Gordon joined the Tavistock Institute of Human Relations in 1971 and worked for eleven years there as an action researcher. In that time he was awarded grants by the Leverhulme Trust, the Department of Employment and two grants from the European Foundation for the Improvement of Living and Working Conditions.as a project officer. He was subsequently promoted to being a consultant, was a Joint Director of the Institute’s Group Education Programme and a Fellow in the Quality of Working Life.
After Gordon discovered Social Dreaming in 1982 he resigned and joined Shell International for three years. Subsequently, he moved to the International Foundation for Social Innovation, Paris, but resigned when he was sixty. He was a fellow of the Australian Institute of Socio-Analysis; on the editorial board of Free Associations (UK), Freie Assoziation (Germany) and Organizational and Social Dynamics (UK); and a former board member of the International Society for the Psychoanalytic Study of Organizations;later, a Distinguished Member.
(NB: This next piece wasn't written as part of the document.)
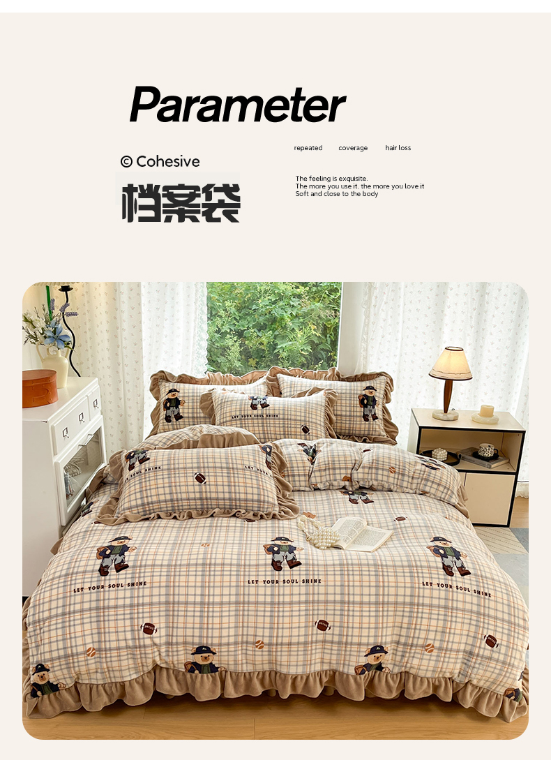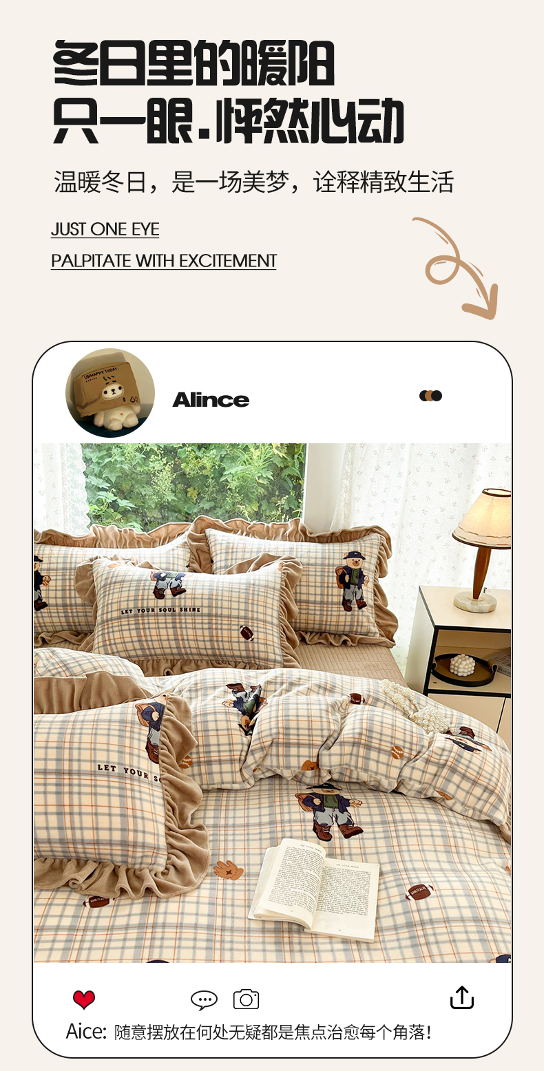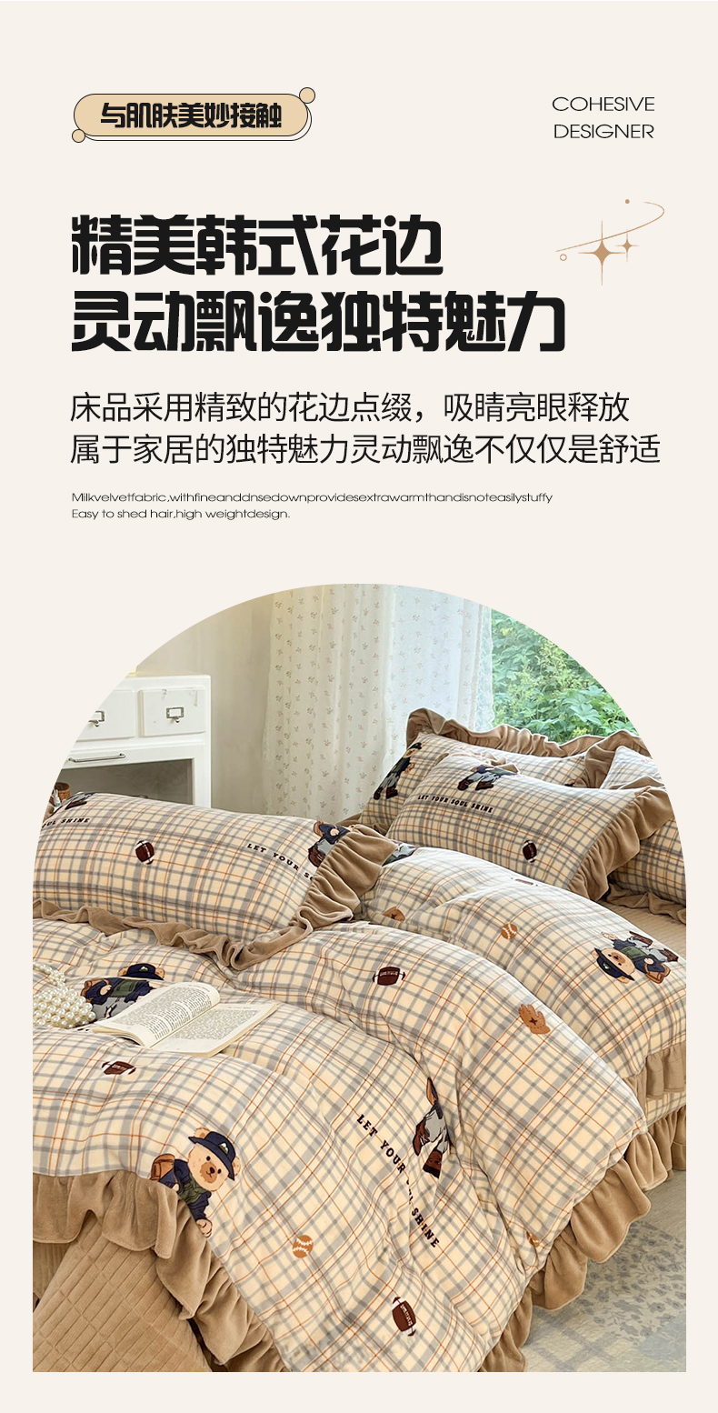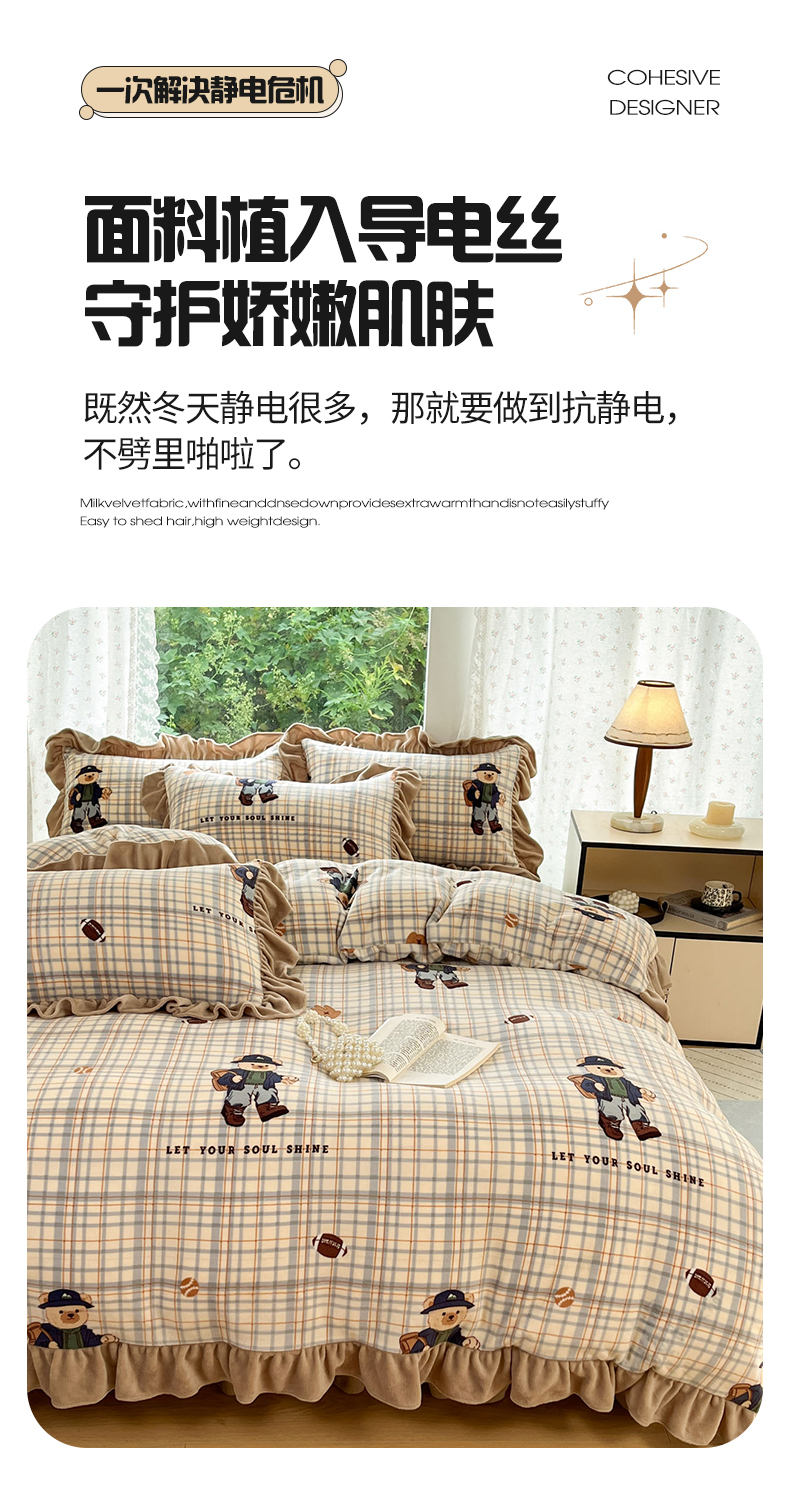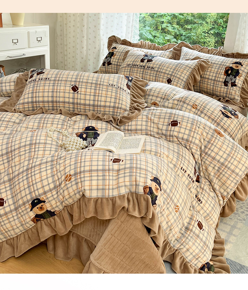 当前位置: 91家纺网 > 商品网购 > 床品套件 > 四件套 > 牛奶绒四件套 > 牵依 2025新款韩版牛奶绒夹棉床盖四件套 格子小熊

In 1982 Gordon met Allan King, a film-maker. Together they designed a working conference for unemployed Canadian citizens, exploring the experiences of being employed and unemployed. Much of this four day event was filmed. This resulted in the film ‘Who’s in Charge?’ which was shown at the 28th London Film Festival in 1984. Gordon had contributed to an earlier film, “Them and Us”, for BBC Panorama in 1981. He also contributed to BBC Radio Four programmes talking about Social Dreaming.
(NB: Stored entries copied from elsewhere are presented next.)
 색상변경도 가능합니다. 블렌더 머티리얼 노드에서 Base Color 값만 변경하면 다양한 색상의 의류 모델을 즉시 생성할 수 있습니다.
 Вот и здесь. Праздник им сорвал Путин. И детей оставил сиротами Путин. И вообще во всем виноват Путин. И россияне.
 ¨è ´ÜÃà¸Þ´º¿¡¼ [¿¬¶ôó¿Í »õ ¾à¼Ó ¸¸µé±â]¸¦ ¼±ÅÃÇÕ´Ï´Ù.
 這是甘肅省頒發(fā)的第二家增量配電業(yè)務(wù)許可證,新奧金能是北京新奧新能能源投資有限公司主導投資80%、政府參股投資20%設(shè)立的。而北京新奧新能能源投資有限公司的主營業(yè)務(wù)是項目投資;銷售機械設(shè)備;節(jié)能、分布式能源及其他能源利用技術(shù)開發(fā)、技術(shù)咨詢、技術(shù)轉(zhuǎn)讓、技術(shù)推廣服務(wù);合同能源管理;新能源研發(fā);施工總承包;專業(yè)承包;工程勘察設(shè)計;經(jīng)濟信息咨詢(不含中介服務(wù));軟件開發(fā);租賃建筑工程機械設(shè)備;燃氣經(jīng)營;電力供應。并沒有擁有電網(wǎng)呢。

In “Tongued with Fire”, a collection of Gordon’s papers on working with groups, published in 2000, he describes how, after leaving the Tavistock Institute, he worked with Eleanor Dorgan and Gerry French in initiating a series of conferences called “Authority for Faith” in Ireland. Subsequently Alastair Bain invited Gordon to introduce “Authority for Faith” conferences in Australia.
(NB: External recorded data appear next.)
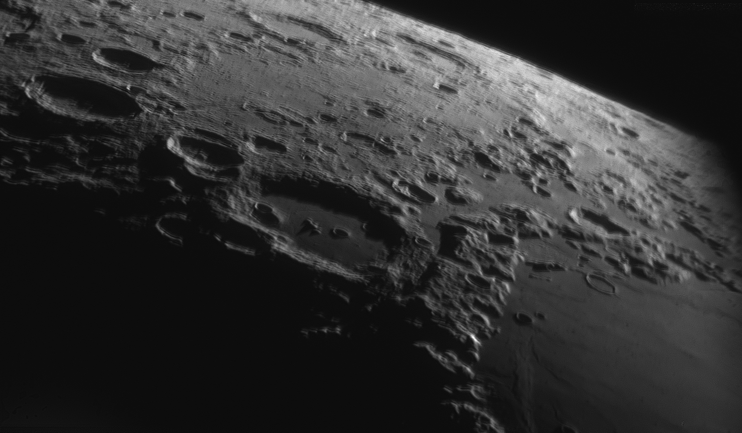 Three day old moon, 9.4% illuminated. Cleomedes and the northern rim of Mare Crisium. The ProPlanet 807nm filter cuts down the incoming light significantly so exposure times and frames rates are slow, and I ended up with very little data to stack. Best 5% of 2000 frames stacked in AutoStakkert and sharpened in WaveSharp. Levels curves and other illumination done in FastStone Image Viewer.
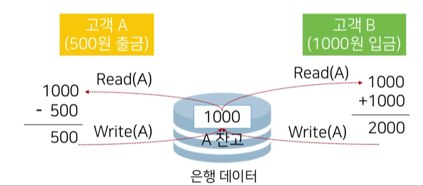 - 다중 사용자 환경에서 트랜잭션 동시 실행으로 데이터 갱신 시, 일관성 훼손 문제가 발생
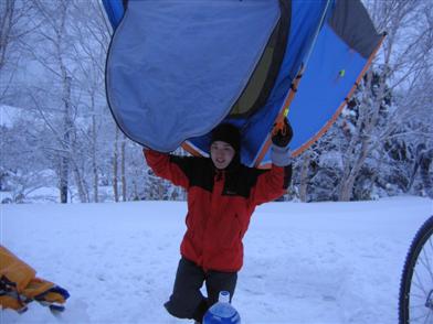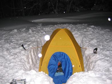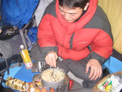 | ▲テント完成 | ▲夜は雑炊だよ |
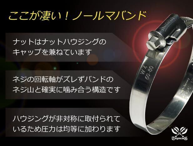 最良のステンレスと言われる「SUS304」を全ての部分に使用、サビ・腐食の全面排除を期待できるホースバンドです。自動車のインタークーラー、ターボ、インテーク、ラジェーターライン等の接続ホースに最適です。自動車はもちろん二輪バイク、船、漁船、重機、建設機械、各種機械等、幅広い用途にご使用頂けます。
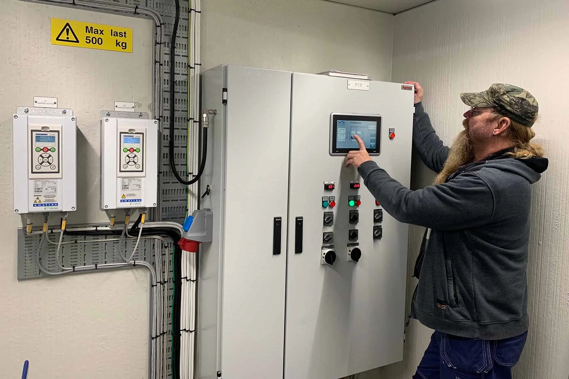 Die Techniker von Emotron konnten Heine Lindqvist und Leif Nilsson von Kalmar Water zu dem einfachen Software-Update anleiten. Dank der intuitiven Programmierfunktionen konnten sie die neue Funktion problemlos selbst installieren und aufrufen.
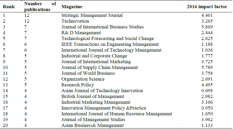We identified 102 journals that published articles exploring the relationships between resources and capabilities. Table 8 presents the most productive journals in this sense together with its impact factor (used to know the importance of a journal within a research area). The two journals with the highest number of publications are: Strategic Management Journal and Technovation, with 12 documents each. Subsequently, three journals with 7 publications each are placed, among them: Journal of International Business Studies, R & D Management and Technological Forecasting and Social Change. Although most publications focus on certain types of journals, it does not mean that they have the highest impact factor (p.e. Table 8).
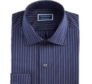Club Room Men's Classic Regular Fit Stripe Dress Shirt Blue Size 32X33
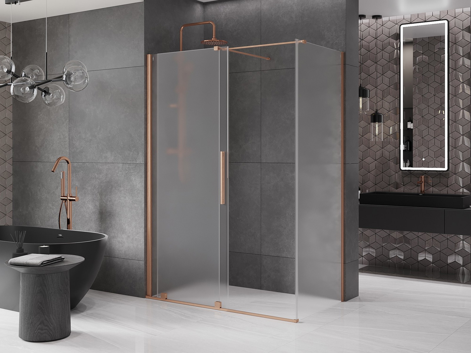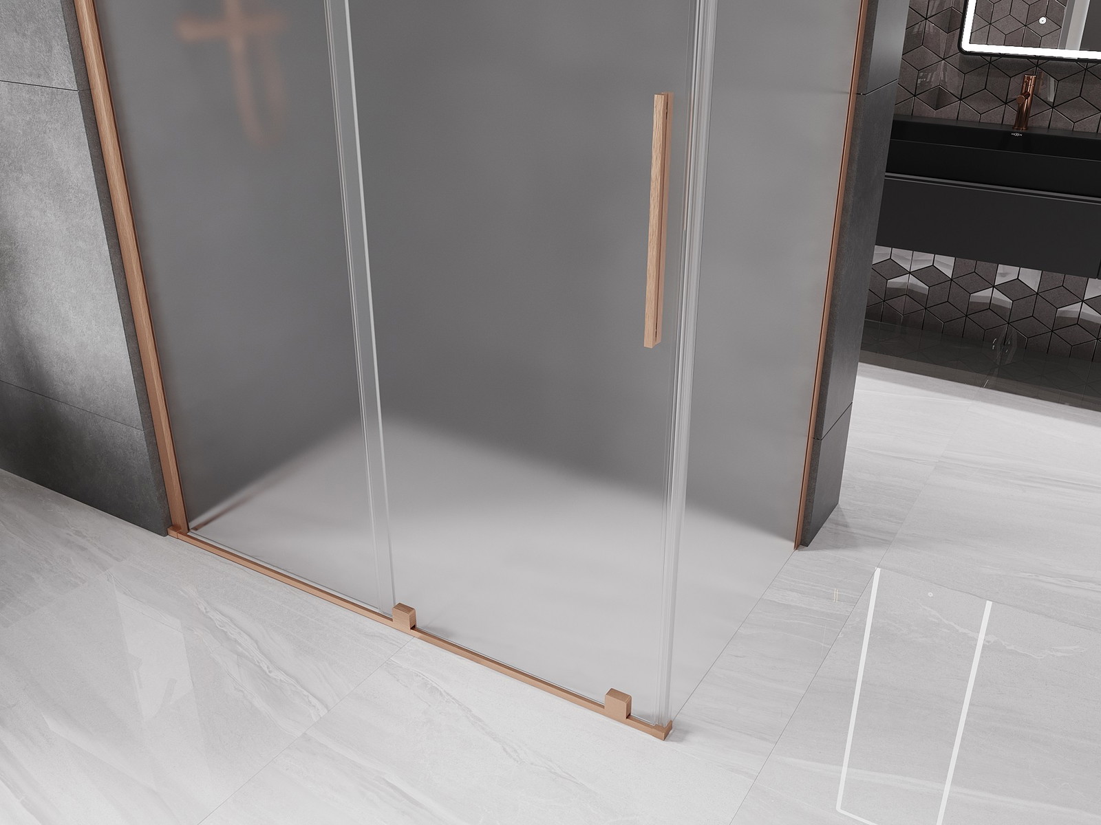 Sprchová kabina Mexen Velar je elegantní a funkční řešení pro každou koupelnu. Její univerzální montáž, možnost regulace šířky a vyrovnání nerovností stěny zajišťují snadnou adaptaci do různých prostor. Rozměry 140x75 cm a výška 200 cm zaručují komfort používání. Posuvné dveře z tvrzeného skla o tloušťce 8 mm v matné barvě dodávají kabině eleganci, zatímco kartáčovaná měď na povrchové úpravě dodává nadčasový styl. Dále hliníkový profil, rukojeť z nerezové oceli a vrstva usnadňující čištění z ní činí vynikající volbu pro každou moderní koupelnu.

Gordon worked in India, Australia, Canada, the United States, the Philippines, Taiwan, Burkina Faso, and Rwanda, as well as most European countries. He had part-time appointments as a visiting Professor at Cranfield University, the New Bulgarian University, Sofia as well as other functions such as examiner for the University of the West of England. Gordon also wrote poetry and four of his poems were published in Aberdeen University Review.
Gordon published throughout his professional life, starting in 1965. Up to 2012 he had published seven books and over sixty articles. Some of the books on Social Dreaming were translated into Italian and Hungarian.
Gordon married Esther in 1962, with whom he shared his love of music, art, travelling and above all, the good company of friends. They had three children. One of their sons, Alexander, died tragically in 2005. He is survived by his wife, his sons Anthony and David, and six grandchildren.